Edvardsen, Eikrem & Probert, 2011.
Kawachi et al. (1991: 563, figs 1–29), LeRoi & Hallegraeff (2004: 83, fig. 17)
Chrysochromulina hirta Manton (1978: 13, figs 1–17; type figs 5, 7)
Cells ovoid to spherical, c. 6 µm diameter (dried preparation), biflagellate; body covered in unmineralised scales. Body scales of 3 types: long spine scales distributed uniformly over cell, 20–30 µm long, with spine basally forked and grooved and attached to base-plate by 4 rigid supporting struts, the base-plate elliptical, concave, 2–2.5 µm diameter, the distal surface patterned with delicate ±radiating striae; short spine scales distributed uniformly over cell, twice as numerous as long spine scales, to 4–6 µm long, structured like long spine scales but the supporting struts greatly reduced, base-plate elliptical, c. 1.5 × 2 µm; plate scales forming an underlayer, flat, elliptical, c. 1.3 × 1.6 µm, apparently rimless, patterned with delicate ±radiating striae. Flagella equal, to 20 µm long. Haptonema somewhat longer than flagella when extended, or coiled into c. 10 gyres when retracted.
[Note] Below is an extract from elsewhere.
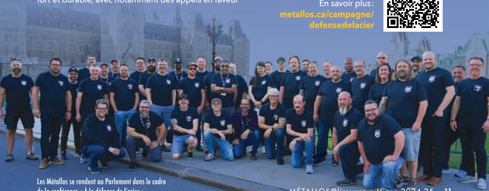
Les Métallos se rendent au Parlement dans le cadre de la conférence « À la défense de l'acier ».

Southern Ocean, south of Australia; Cape Town, South Africa (Manton, 1978); Arctic waters (Manton, 1978).
The haptonema of C. hirta has been shown to be a food-capturing device (Kawachi et al., 1991). This species can ingest particulate matter of size range 0.5–1.97 µm diameter (Marchant, unpublished data).
Chrysochromulina genus description: Cells have homodynamic flagella and a coiling haptonema, and electron microscopy is usually required to identify the species. As well as being photosynthetic, these fragile haptophytes ingest picoplanktonic and nanoplanktonic organisms by phagocytosis.